Suppose I have a target number n e.g. 5, and I always start from the number 1 and I have to *2 or *3 or +1 to it until I reach n. So in this case I would *2 twice, then +1 to get 5.
I am supposed to find the least number of operations to reach the target value. I see a similar question being posted but that requires a fixed number of steps while I have to figure out the least steps. Are there any tips on how I can tackle this problem?
This is a homework problem.
It can be regarded as search or DP problem (yes in essence they are both related to state transition), the key point is to define search state condition, suppose n is positive, here we define f[i] = inf, inf is a really large integer means number i is not reachable, f[i] = k, k >= 0 means number i can be reached in at least k steps.
If n is not so large, we can use an array to store least steps for each number from 1 to n. The initial is that f[1] = 0 and f[i] = inf, 2 <= i <= n. If we need to output how we get the target(ex, output of 5 is 1 2 4 5), we can use another array pre to store the operations, define pre[i] = j means number i is produced by number j(ex, pre[4] = 2 means number 4 is produced by number 2, because 2*2=4; pre[3] = 1 means number 3 is produced by number 1, because 1*3=3):
int inf = Integer.MAX_VALUE;
f[1] = 0;
pre[1] = -1; // pre[i] = -1 means i is the start point
for(i=2;i<=n;i++) {
f[i] = inf;
pre[i] = -1;
}
for(int i=1;i<=n;i++) { // since each number is positive so smaller number cannot be produced via larger number, no need to consider > n issue
if(f[i] == inf) {
continue;
}
if(2*i <= n && f[i] + 1 < f[2*i]) {
f[2*i] = f[i] + 1;
pre[2*i] = i; // means number 2*i is produced by number i
}
if(3*i <= n && f[i] + 1 < f[3*i]) {
f[3*i] = f[i] + 1;
pre[3*i] = i;
}
if(i+1 <= n && f[i] + 1 < f[i+1]) {
f[i+1] = f[i] + 1;
pre[i+1] = i;
}
}
The answer is f[n].
How to output how we get target, we use the pre array to recover the operations:
curr = n;
pos = 0;
ans[pos] = n;
while(pre[curr] != -1) {
pos++;
ans[pos] = pre[curr];
curr = pre[curr];
}
for(int i=pos;i>=0;i--) { // reverse order to output
System.out.println(ans[i]);
}
While if n is very large, you may need to use a priority queue to maintain state transition and a hash set to maintain least steps for each number.

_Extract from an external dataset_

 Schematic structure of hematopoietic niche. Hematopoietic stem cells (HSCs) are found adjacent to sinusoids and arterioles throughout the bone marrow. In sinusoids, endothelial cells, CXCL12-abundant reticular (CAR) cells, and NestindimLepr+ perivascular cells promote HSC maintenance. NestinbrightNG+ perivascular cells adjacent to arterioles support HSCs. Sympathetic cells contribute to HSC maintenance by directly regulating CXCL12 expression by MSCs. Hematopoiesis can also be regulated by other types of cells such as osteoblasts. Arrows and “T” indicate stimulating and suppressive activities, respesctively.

I think the way to go here is to work backwards. Start from n and try the action that reduces it the most, then the second one in the list etc. The code could look something like this:
string actions = "";
int i = n, count = 0;
while (i > 1)
{
count++;
if (i % 3 == 0)
{
i = i / 3;
actions = "*3 " + actions;
continue;
}
if (i % 2 == 0)
{
i = i / 2;
actions = "*2 " + actions;
continue;
}
i--;
actions = "+1 " + actions;
}
Essentially, the idea is to get to n as fast as possible. I am not sure this the least amount of steps, but it does seem like a good start.
Have you considered the AI approach?
Think of you problem as a search in a tree: the root is 1, and every node X in the tree has 3 sons: 2*X,3*X,X+1.

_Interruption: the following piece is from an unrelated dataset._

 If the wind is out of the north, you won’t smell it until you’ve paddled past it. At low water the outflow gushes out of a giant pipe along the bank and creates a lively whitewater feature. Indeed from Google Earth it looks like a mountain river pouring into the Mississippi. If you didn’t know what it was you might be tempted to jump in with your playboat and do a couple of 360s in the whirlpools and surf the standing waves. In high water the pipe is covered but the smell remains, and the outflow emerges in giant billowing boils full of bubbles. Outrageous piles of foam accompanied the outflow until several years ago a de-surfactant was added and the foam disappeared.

you can either build the whole tree (every node X where X>n shouldn't have more sons) and use BFS to find the shortest path from the root to a node that has the value n, or use A* algorithm in case the graph does not fit into memory.

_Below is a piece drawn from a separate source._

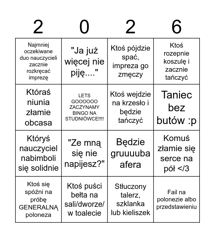 This bingo card has 16 words: Ktoś puści bełta na sali/dworze/ w toalecie, Komuś złamie się serce na pół </3, Ktoś pójdzie spać, impreza go zmęczy, Najmniej oczekiwane duo nauczycieli zacznie rozkręcać imprezę, Któryś nauczyciel nabimboli się solidnie, "Ja już więcej nie piję....", Będzie gruuuuba afera, Stłuczony talerz, szklanka lub kieliszek, Któraś niunia złamie obcasa, LETS GOOOOOO ZACZYNAMY BINGO NA STUDNIÓWCE!!!!, Ktoś się spóźni na próbę GENERALNĄ poloneza, Ktoś rozepnie koszulę i zacznie tańczyć, "Ze mną się nie napijesz?", Taniec bez butów :p, Ktoś wejdzie na krzesło i będzie tańczyć and Fail na polonezie albo przedstawieniu.
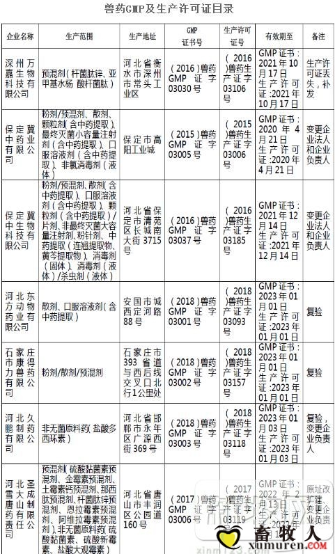 根據《獸藥管理條例》和《獸藥生產質量管理規范》,經審核深州萬嘉生物科技有限公司、保定冀中藥業有限公司、保定冀中生物科技有限公司、河北東方動物藥業有限公司、石家莊市康得力獸藥有限公司、河北久鵬制藥 ...

This will give you the guaranteed shortest path.
static int result(int a, int b){
int answer = 0;
while (a < b){
if (b % 3 == 0 && b / 3 >= a){
b = b / 3;
answer++;
}
else if ((b - 1) % 3 == 0 && (b - 1) / 3 >= a){
b = b - 1;
b = b / 3;
answer += 2;
}
else if (b % 2 == 0 && b / 2 >= a){
b = b / 2;
answer++;
}
else{
b = b - 1;
answer++;
}
}
return answer;
}